Apesar da ilha merecer mais tempo de visita, passamos apenas uma noite nela. Há apenas 2 barcos semanais da ilha para San Carlos, o porto fronteiriço na margem sudeste do lago, e perder um implicava 3 dias de espera pelo próximo.
O barco fazia 2 paragens na margem leste do lago. A primeira no porto de Morritos (o início das nossas próximas pedaladas incógnitas) e outra em puerto Miguelito.
Essa parte da Nicarágua estava fora dos roteiros turísticos, dos guias de viagem ou das paisagens de postal. Um bom indicativo.

O barco saiu já de noite, cheio de turistas, locais e carga.

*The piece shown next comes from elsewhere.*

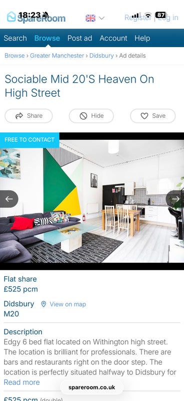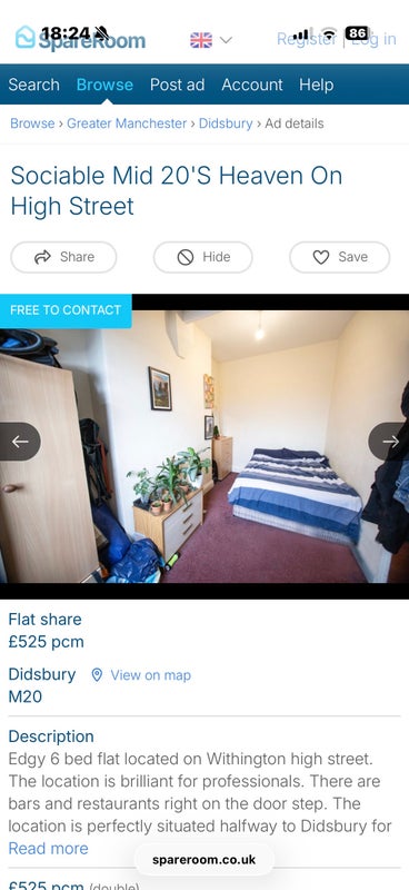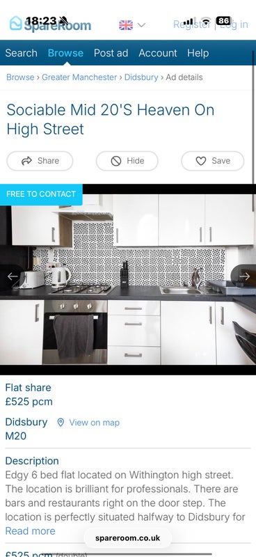 Edgy 6 bed flat located on Withington high street. The location is brilliant for professionals. There are bars and restaurants right on the door step. The location is perfectly situated halfway to Didsbury for your high end cocktails and Fallowfield for your cheap nights.

Peixe, bananas e outras cenas que os locais transportavam e que pareciam suficientes para sobreviver um inverno nuclear.
As nossas burras ficaram para o fim, depois dos carregadores em tronco nu musculados, e suados terem carregado o que me pareceu ser metade da produção de bananas da ilha, cachos e folhas incluídas.

O barco deslizava pelas águas escuras ao ritmo da vida por estas bandas, atracando com ligeireza em Puerto Morritos já pela noite dentro. O ar da noite era espesso e abafado. Apenas alguns locais desembarcaram, nós e as burras, ao olhar incrédulo dos turistas confusos com as nossas intenções. Afinal de contas Puerto Morrito não vinha no Lonely Planet. Porque desembarcar aqui nesta pequena aldeia perdida no meio da escuridão desta vasta área inexplorada (pelo turismo) da parte leste da Nicarágua? Era mesmo essa a nossa intenção.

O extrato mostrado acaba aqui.